2. Create the Employee table. Open SQL Server 2005’s SQL Server Management Studio (SSMS) or SQL Server 2000’s Query Analyzer and copy the code in CodeToCreateEmployeeTable.sql, which Listing 1 shows, in the query window. In the code at callout A in Listing 1, change MyDB to the name of your database. Execute the code.
3. Populate the Employee table. To do this, run CodeToPopulateEmployeeTable.sql. As Listing 2 shows, this code uses single-record INSERT statements to add the fictitious employee data. (See "T-SQL 101, Lesson 2," April 2008, for information about this type of INSERT statement.)
After you’ve created and populated the Employee table, take a minute to familiarize yourself with the table’s layout.
Counting Records
You can use the COUNT function in a SELECT statement to obtain the number of items in a group. You enclose the item you want to count in parentheses. The item can be just about any expression (i.e., column name, function, constant value, or any combination thereof), but usually the item is a single column in a table. You can specify an asterisk (*) if you want to count all the records in the table. For example, if you want to determine how many records are in the Employee table, you’d run the code
SELECT COUNT(*) AS 'Employees' FROM Employee
In this statement, the AS 'Employees' clause specifies that you want the results displayed under the column name of Employees. (See "T-SQL 101, Lesson 1," March 2008, for information about using the AS clause to display different column names in result sets.) The FROM Employee clause specifies the target table. As Figure 1 shows, the results show that the Employee table has 8 records.
Suppose that you only want to count the number of employees that make under $30,000 a year. You can add a WHERE clause that specifies the value in the Salary column must be less than $30,000:
SELECT COUNT(*) AS 'Impoverished' FROM Employee WHERE Salary < 30000
In this case, the result is 1, which is displayed under the column name of Impoverished.

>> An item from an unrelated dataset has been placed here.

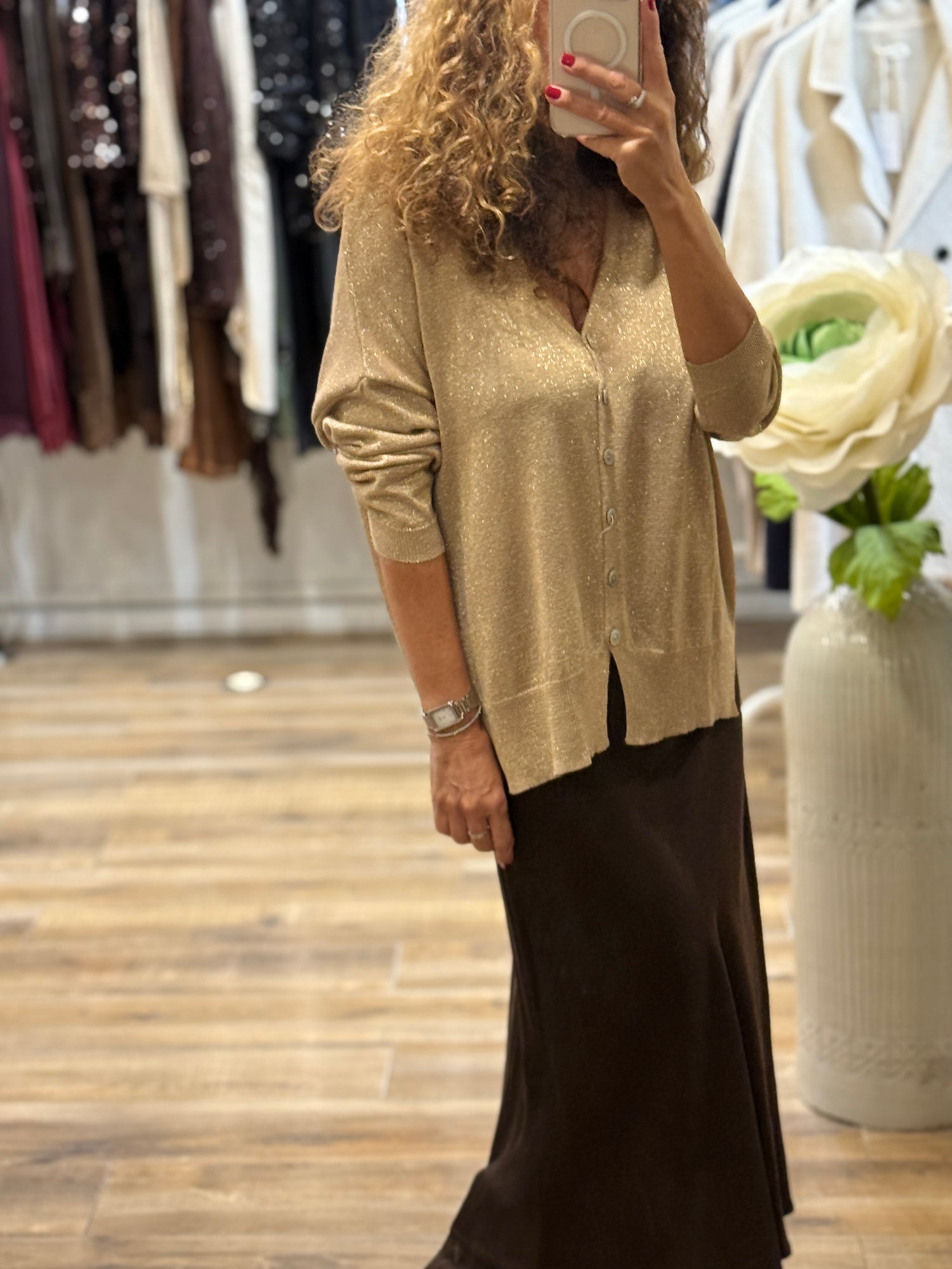 Facile à associer, elle se porte aussi bien avec un gros pull, un cardigan lurex ou une blouse plus habillée. Une jupe intemporelle, chic et féminine.

When you specify *, the COUNT function counts all rows, even if columns within the rows contain NULL values (i.e., entries that have no explicitly assigned value). If you specify a column name, however, only non-NULL values are counted. When you use the DISTINCT keyword, the number of unique non-NULL values is determined. The expression specified must be a column name and not an arithmetic expression. For example, you can use the DISTINCT keyword to determine how many unique last names are in the LastName column in the Employee table:
SELECT COUNT(DISTINCT LastName) AS 'Last Names' FROM Employee
The result is 7 because two of the employees have the same last name (i.e., Smith), as callout A in Listing 2 shows.
Note that at the beginning of this section, I mentioned you can count just about any expression. I said just about because you can’t use expressions of type uniqueidentifier, text, ntext, or image. If you’re unfamiliar with these data types, see the Data Types (Transact-SQL) Web page at msdn2.microsoft.com/ en-us/library/ms187752.aspx.
Determining Minimum Values
When you use the MIN function in a SELECT statement, you can find out the minimum value for a specified column or arithmetic expression, which you enclose in parentheses. For example, to determine the lowest salary in the Employee table, you can use the query
SELECT MIN(Salary) AS 'Minimum Salary' FROM Employee
The result is $23,500. Although you can use the DISTINCT keyword with the MIN function, there’s no point. By the function’s very definition, there can be only one value.
Unlike the COUNT function, the MIN function always ignores NULL values. (Similarly, the MAX, AVG, and SUM functions always ignore NULL values.) Like the COUNT function, the MIN function is quite versatile in that you can include just about any expression to specify the item for which you want to find the minimum value. For example, you can use an expression that contains the DATEDIFF and GETDATE functions to determine the number of months that the most-recent hired employee has been with our fictitious company. First, you use DATEDIFF and GETDATE to calculate the number of months that have elapsed since each employee was hired. Then, you use MIN to determine the lowest number out of all the month values just calculated.
The DATEDIFF function takes three parameters. You use the first parameter to specify the time period being tracked. In this case, you need to specify m for months. You use the second and third parameters to specify the start and end dates, respectively. In this case, the start date is the value in the Employee table’s HireDate column and the end date is the current date, which you obtain with the GETDATE function. So, the query is
SELECT MIN(DateDiff (m, HireDate, GETDATE())) AS 'Number of Months' FROM Employee
If you run this query on, say, May 20, 2008, the result is 26 months.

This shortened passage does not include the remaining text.